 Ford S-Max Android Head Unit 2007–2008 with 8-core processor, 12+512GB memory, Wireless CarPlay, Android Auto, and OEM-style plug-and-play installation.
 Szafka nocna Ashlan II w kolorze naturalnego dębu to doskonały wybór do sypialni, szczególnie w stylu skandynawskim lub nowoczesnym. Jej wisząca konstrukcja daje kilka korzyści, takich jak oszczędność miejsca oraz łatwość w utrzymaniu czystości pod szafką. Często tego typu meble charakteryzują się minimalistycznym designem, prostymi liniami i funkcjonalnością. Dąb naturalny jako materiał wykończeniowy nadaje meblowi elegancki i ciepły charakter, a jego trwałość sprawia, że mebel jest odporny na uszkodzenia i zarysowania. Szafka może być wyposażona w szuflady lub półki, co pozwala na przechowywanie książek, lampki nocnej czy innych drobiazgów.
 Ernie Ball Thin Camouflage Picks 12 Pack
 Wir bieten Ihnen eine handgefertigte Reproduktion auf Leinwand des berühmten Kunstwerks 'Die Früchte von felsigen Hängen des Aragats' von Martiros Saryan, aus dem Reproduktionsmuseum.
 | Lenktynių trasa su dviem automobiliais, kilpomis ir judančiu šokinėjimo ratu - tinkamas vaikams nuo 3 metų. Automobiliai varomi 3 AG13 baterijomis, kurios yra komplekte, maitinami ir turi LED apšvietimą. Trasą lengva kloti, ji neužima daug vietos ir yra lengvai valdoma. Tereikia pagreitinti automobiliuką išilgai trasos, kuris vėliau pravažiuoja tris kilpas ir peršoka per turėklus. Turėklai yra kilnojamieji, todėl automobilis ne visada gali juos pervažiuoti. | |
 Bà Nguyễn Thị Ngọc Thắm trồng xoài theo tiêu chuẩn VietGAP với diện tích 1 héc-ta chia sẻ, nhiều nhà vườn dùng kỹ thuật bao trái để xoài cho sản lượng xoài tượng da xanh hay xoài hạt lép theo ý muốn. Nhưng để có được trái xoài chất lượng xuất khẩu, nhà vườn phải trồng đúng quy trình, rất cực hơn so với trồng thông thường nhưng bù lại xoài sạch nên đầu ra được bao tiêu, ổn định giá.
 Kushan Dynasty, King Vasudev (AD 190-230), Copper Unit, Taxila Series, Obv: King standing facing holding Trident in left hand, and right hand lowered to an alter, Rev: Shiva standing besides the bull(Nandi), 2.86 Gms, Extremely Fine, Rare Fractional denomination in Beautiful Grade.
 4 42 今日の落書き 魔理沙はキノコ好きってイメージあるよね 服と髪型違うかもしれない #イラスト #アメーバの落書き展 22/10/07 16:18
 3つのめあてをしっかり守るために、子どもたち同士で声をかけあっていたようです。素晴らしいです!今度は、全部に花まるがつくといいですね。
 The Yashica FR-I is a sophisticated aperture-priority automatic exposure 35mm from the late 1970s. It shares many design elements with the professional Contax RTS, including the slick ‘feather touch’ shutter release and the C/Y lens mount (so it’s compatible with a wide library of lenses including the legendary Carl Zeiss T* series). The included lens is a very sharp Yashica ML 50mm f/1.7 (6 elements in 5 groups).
☆ ☆ ☆
# What needs to be done:
Please copy exactly the lines from the first line of the records above through the line containing "Ernie Ball Thin Camouflage Picks 12 Pack", including both, and nothing more.

# Answer for this exercise:
 Ford S-Max Android Head Unit 2007–2008 with 8-core processor, 12+512GB memory, Wireless CarPlay, Android Auto, and OEM-style plug-and-play installation.
 Szafka nocna Ashlan II w kolorze naturalnego dębu to doskonały wybór do sypialni, szczególnie w stylu skandynawskim lub nowoczesnym. Jej wisząca konstrukcja daje kilka korzyści, takich jak oszczędność miejsca oraz łatwość w utrzymaniu czystości pod szafką. Często tego typu meble charakteryzują się minimalistycznym designem, prostymi liniami i funkcjonalnością. Dąb naturalny jako materiał wykończeniowy nadaje meblowi elegancki i ciepły charakter, a jego trwałość sprawia, że mebel jest odporny na uszkodzenia i zarysowania. Szafka może być wyposażona w szuflady lub półki, co pozwala na przechowywanie książek, lampki nocnej czy innych drobiazgów.
 Ernie Ball Thin Camouflage Picks 12 Pack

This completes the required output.